Danny Spradlin

No. 55
- Position: Linebacker

Personal information
- Born: March 3, 1959 (age 67) Maryville, Tennessee, U.S.
- Listed height: 6 ft 1 in (1.85 m)
- Listed weight: 235 lb (107 kg)

Career information
- High school: Maryville
- College: Tennessee
- NFL draft: 1981: 5th round, 137th overall pick

Career history
- Dallas Cowboys (1981–1982); Tampa Bay Buccaneers (1983–1984); St. Louis Cardinals (1985);

Career NFL statistics
- Sacks: 1
- Fumble recoveries: 1
- Stats at Pro Football Reference

= Danny Spradlin =

American football player (born 1959)

Daniel Ray Spradlin (born March 3, 1959) is an American former professional football player who was a linebacker in the National Football League (NFL) for the Dallas Cowboys, Tampa Bay Buccaneers and St. Louis Cardinals. He was selected by the Cowboys in the fifth round of the 1981 NFL draft. He played college football for the Tennessee Volunteers.

== Early life ==

Spraldin attended Maryville High School in Maryville, Tennessee. He was a three-year starter at linebacker. He received All-State, All-South and Blount County Player of the Year honors as a junior and senior.

==College career==
Spradlin accepted a football scholarship from the University of Tennessee. As a sophomore, he earned a starting outside linebacker spot late in the season. As a junior, he finished second on the team with 102 tackles. As a senior, he led the team with 125 tackles, including a 12 tackle performance against Vanderbilt University.

==Professional career==

===Dallas Cowboys===
Spradlin was selected by the Dallas Cowboys in the fifth round (137th overall) of the 1981 NFL draft. His hard hitting allowed him to make the team over fellow rookie Scott Pelluer and the team also traded Bruce Huther to make room for him on the roster. He was a backup at middle linebacker for Bob Breunig.

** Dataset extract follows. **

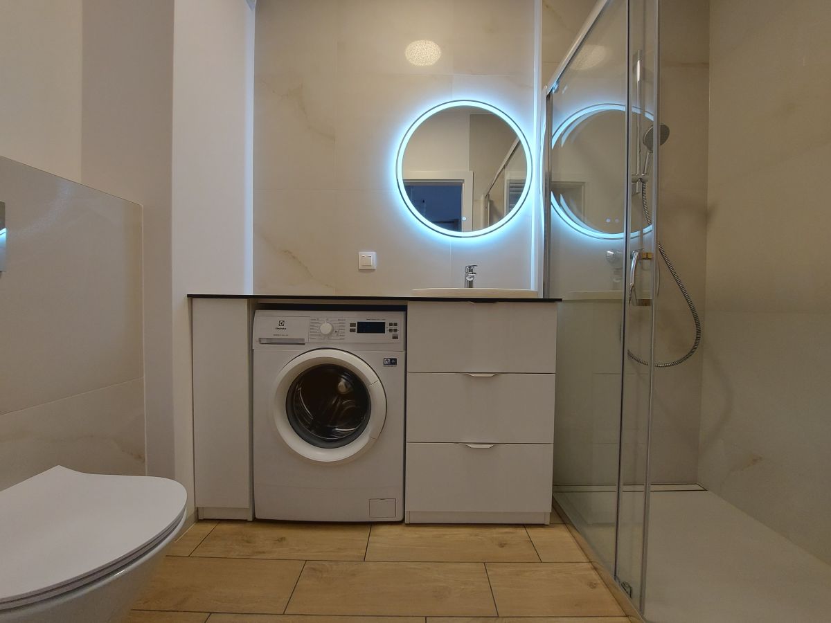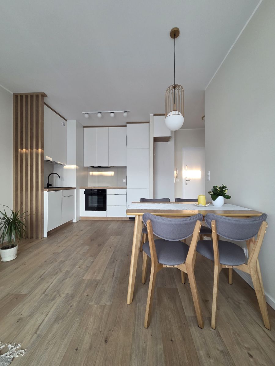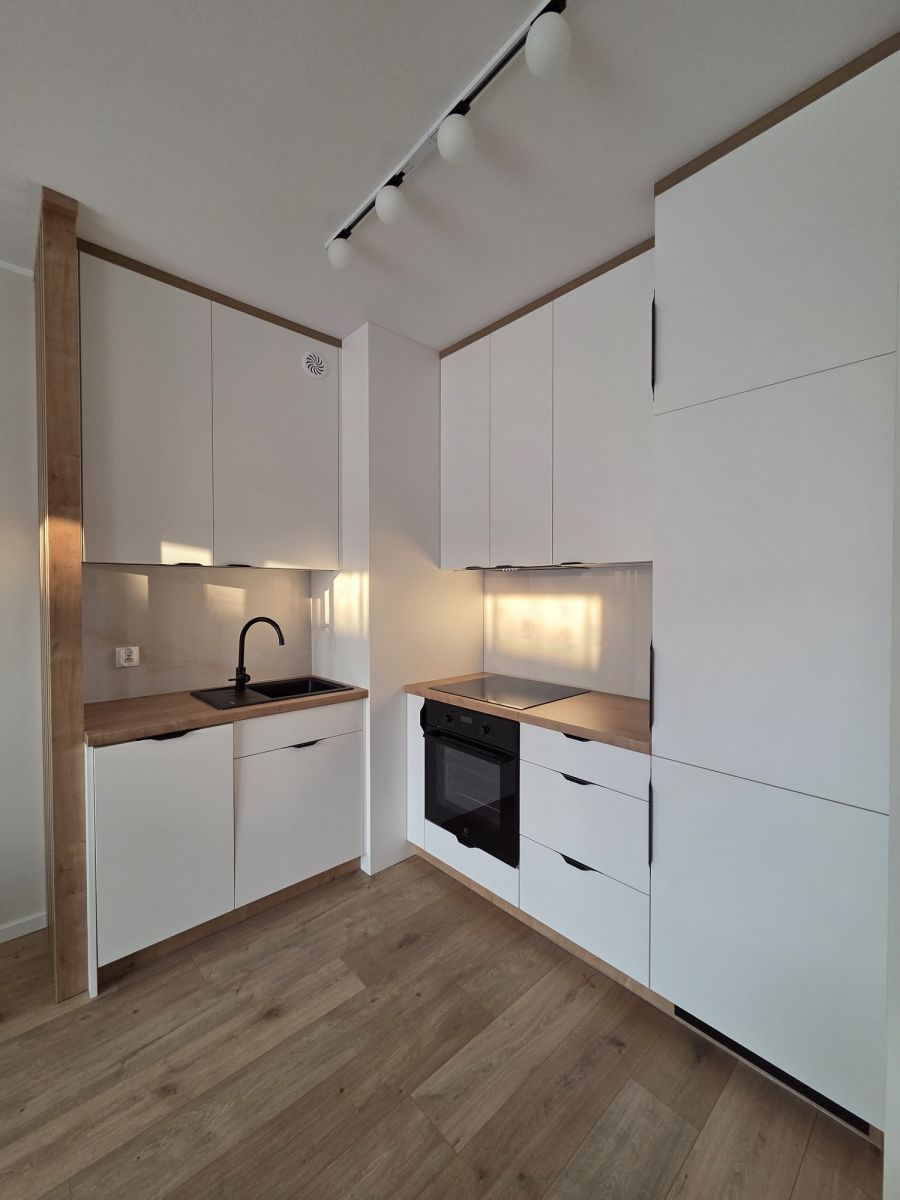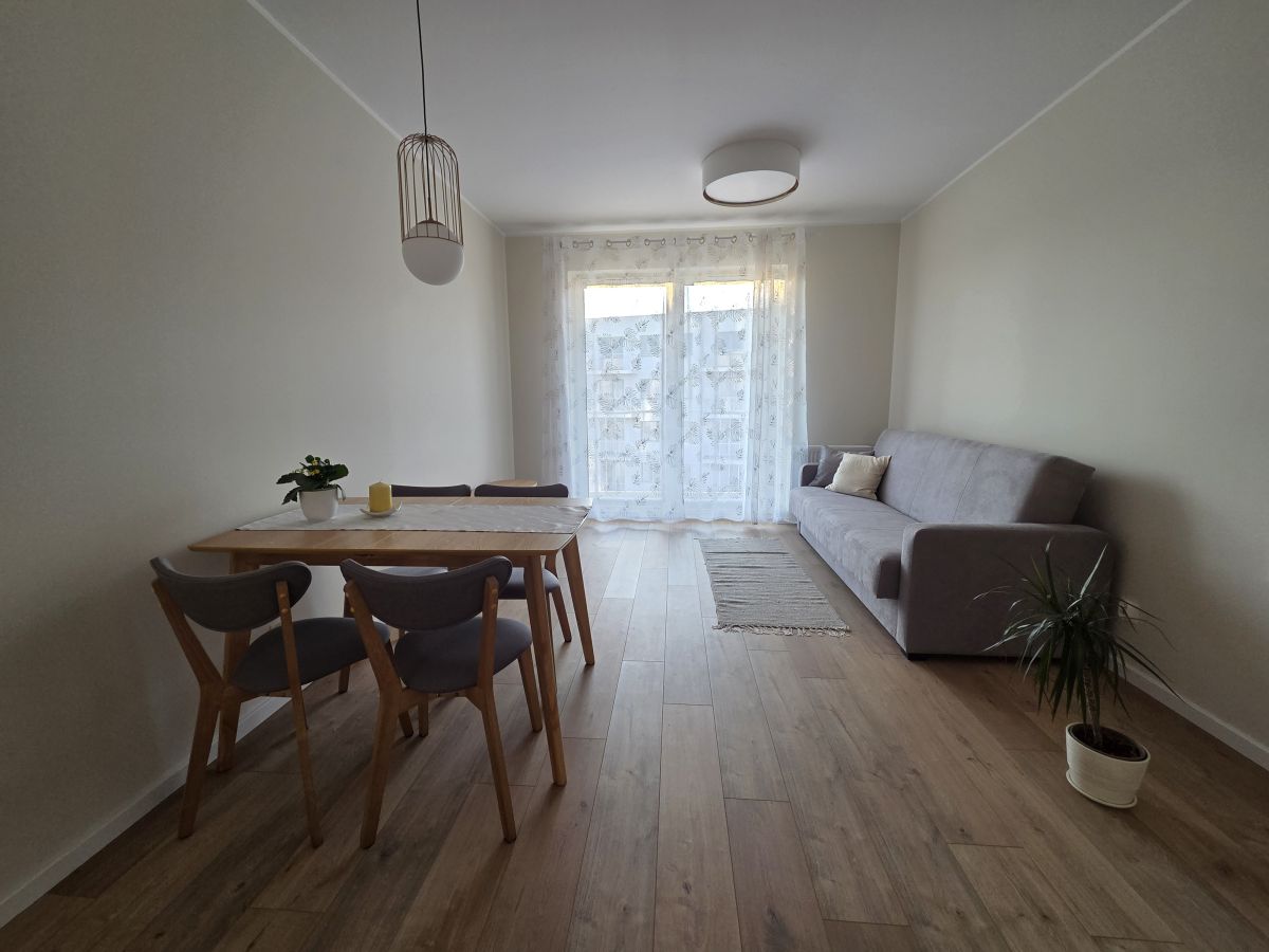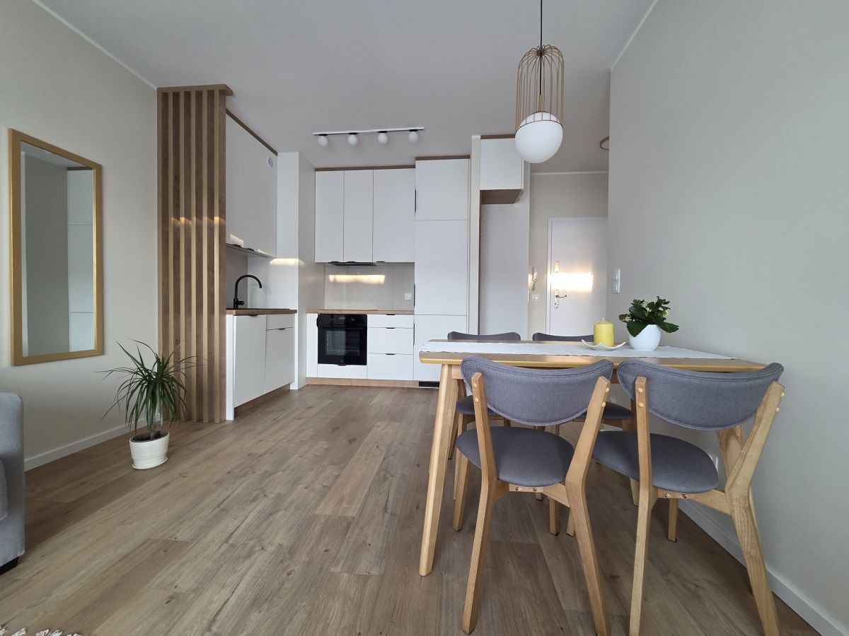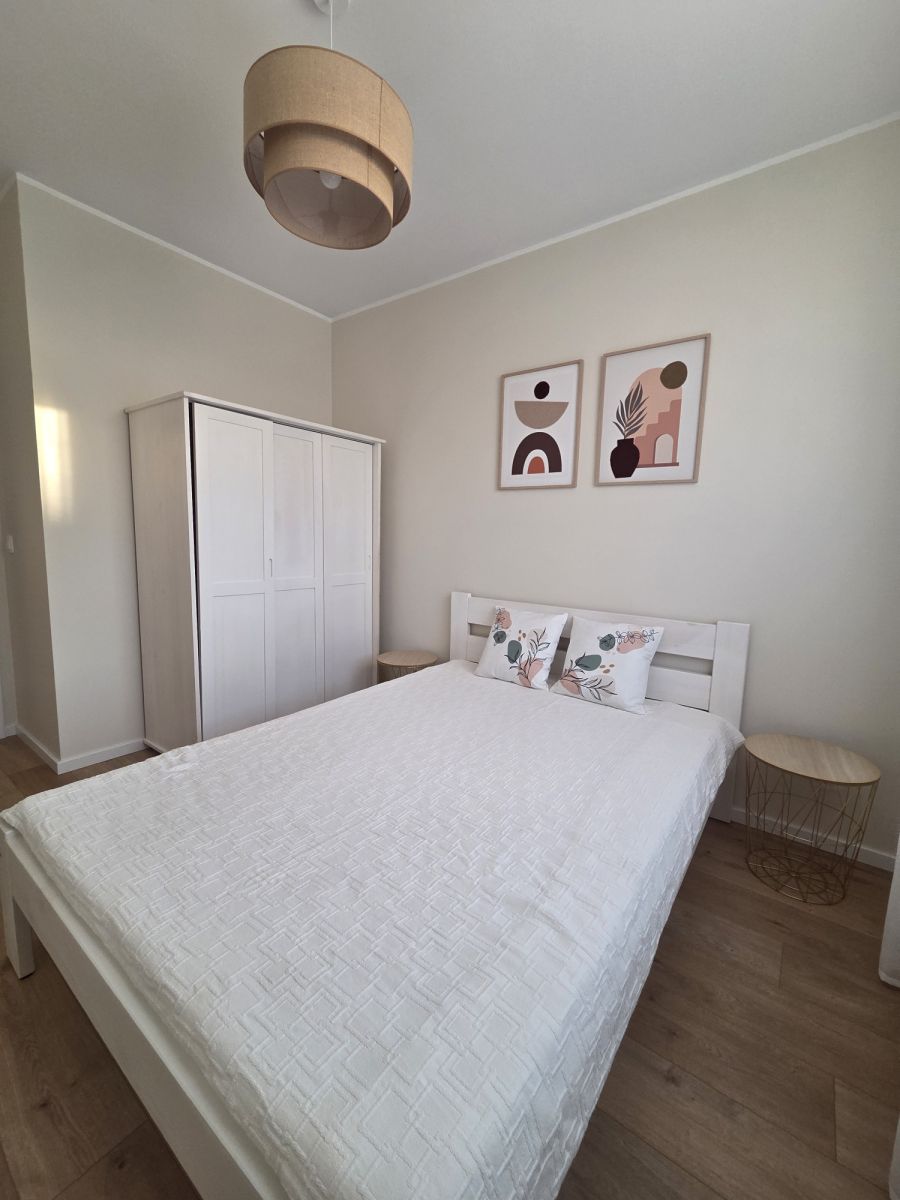 Budynek dewelopera EuroStyl z 2025r., ocieplony i otynkowany z windą. Klatka zadbana. Wewnątrz mieszkania znajduje się jeden pokój z aneksem kuchennym, sypialnia, łazienka z WC, przedpokój. W lokalu na podłodze zastosowano panele, zaś ściany zostały pomalowane w jasnym kolorze. Łazienka w gustownej glazurze i terakocie z kabiną prysznicową i pralką. Kuchnia jasna w modnej zabudowie wraz ze sprzętem AGD - nowy na gwarancji ( lodówka, zmywarka, płyta indukcyjna, piekarnik, okap ). W lokalu mieszkalnym pozostaje umeblowanie widoczne na zdjęciach. Lokal usytuowany jest na trzecim piętrze z możliwością wyjścia na balkon.

In 2 seasons, he played in 25 games mostly on special teams, as he struggled learning the Cowboys flex defense. In 1983, he was converted into an offensive lineman, before being traded on August 24 to the Tampa Bay Buccaneers, in exchange for a fifth round selection (#113-Steve Pelluer) in the 1984 NFL draft.

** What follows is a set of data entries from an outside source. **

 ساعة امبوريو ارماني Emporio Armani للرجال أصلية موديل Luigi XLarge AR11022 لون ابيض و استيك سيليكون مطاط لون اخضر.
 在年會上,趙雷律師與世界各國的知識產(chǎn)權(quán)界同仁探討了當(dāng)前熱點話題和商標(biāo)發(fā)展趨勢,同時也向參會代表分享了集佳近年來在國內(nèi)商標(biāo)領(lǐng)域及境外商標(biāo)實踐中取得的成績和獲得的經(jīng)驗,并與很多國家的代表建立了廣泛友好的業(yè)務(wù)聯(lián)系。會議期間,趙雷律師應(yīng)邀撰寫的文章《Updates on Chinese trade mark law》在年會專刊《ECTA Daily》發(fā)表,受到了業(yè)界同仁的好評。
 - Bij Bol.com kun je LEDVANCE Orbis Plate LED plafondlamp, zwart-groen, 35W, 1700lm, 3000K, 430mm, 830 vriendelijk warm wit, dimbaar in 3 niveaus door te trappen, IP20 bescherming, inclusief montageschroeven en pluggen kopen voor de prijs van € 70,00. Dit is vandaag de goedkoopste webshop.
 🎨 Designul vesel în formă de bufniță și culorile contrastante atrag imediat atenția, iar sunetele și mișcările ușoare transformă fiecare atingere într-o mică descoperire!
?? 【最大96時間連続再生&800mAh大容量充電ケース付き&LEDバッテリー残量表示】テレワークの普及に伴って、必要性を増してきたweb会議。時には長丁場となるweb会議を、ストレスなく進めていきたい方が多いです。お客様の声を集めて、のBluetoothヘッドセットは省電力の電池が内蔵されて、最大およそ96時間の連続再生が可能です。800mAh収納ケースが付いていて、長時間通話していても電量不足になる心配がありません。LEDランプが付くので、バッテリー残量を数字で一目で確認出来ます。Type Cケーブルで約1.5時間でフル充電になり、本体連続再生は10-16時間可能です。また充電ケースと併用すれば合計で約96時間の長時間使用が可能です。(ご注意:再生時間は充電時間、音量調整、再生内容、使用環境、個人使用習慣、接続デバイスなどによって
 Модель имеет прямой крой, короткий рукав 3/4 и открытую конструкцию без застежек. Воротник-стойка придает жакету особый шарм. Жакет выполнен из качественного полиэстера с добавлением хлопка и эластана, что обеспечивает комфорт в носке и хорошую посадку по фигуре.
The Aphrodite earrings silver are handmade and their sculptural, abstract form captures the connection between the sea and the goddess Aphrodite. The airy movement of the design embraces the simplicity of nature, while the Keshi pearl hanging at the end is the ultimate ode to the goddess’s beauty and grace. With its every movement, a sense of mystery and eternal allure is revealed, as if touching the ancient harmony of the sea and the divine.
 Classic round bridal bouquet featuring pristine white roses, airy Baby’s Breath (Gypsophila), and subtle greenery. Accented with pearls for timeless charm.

===Tampa Bay Buccaneers===
Spradlin was acquired for depth purposes and to play on the special teams units. In 2 seasons, he played in 31 games, starting two in 1983 because of injuries. He was released on August 26, 1985.

===St. Louis Cardinals===
On September 17, 1985, Spradlin was signed as a free agent by the St. Louis Cardinals. He played in seven games during the season.